I work at a startup that uses machine learning for medical purposes (junior position). My biased impression is that the interest in this tech is growing rapidly and not even IBM can ruin it. IBMs problems might be good in a sense if it leads hospital networks to experiment more with the offerings of up-and-coming companies with more reliable offerings.


EconTalk from last week[1] shed some light on the convoluted world of drug pricing and pharmaceutical patents. While I agree with your point that AI could help with medical progress, I would also emphasize that we're being held back by meat-space institutions as well (in this case, drug patents). One of the key takeaways was looking at the return on marginal investment in gaming the patent system vs developing new drugs. As firms achieve success, they become conservative, wishing to hold onto current profit levels. The patent system, as formulated, enables the drug company to make a meaningless change to a drug and receive an extended period of patent monopoly. This keeps out generics, raising prices, and reducing investment in drug research.

[1] http://www.econtalk.org/robin-feldman-on-drugs-money-and-sec...


All the preclinical work is actually the cheap part of pharmaceutical development. Most of the costs come from the clinical trials for the FDA. Now a lot of the reason for this is that the US spends a pretty penny (and a lot of elbow grease from grad students) on basic biomedical research that's published into journals for "free" from the perspective of the pharmaceutical corporation.

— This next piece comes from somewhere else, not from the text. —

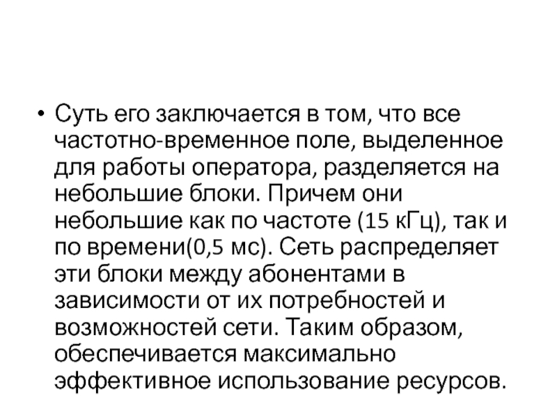 Суть его заключается в том, что все частотно-временное поле, выделенное для

That said, if you can make clinical trial reporting data collection more efficient, there's a LOT of money to be made.

https://www.nature.com/articles/nrd3078


it is a half baked truth. pharma want you to believe trials are expensive so they inflate crazily their costs to price their drugs high. but at the end when u try to sell them software they dont look at the inflates costs of trials be sure of that


Costs don't drive prices. Demand does. I'll be the first to admit that pharmaceutical economics is not simple (lots of externalities, asymmetry of information, etc.), but in the long run costs do matter, and so does price. Best example is Solvaldi, which initially sold for ~$100,000 per treatment. It's much much down (~$65,000) once Merk came online with their hep C competitor. Prices do matter, and while the market is easily distorted, it's not immune to the laws of economics.


The week before that was even more incisive http://www.econtalk.org/jacob-stegenga-on-medical-nihilism/


AI has been applied to healthcare technology since the 1970s, like https://en.wikipedia.org/wiki/Mycin and https://en.wikipedia.org/wiki/CADUCEUS_(expert_system) .

One failure by one company, even IBM, won't stop future attempts.


There was even an Artificial Intelligence in Medicine Symposium held in 1979 -

https://blog.jacob.vi/an-80s-throwback-artificial-intelligen...

In response to the above blog - Watson's early small-scale success clearly hasn't scaled to bigger and broader applications.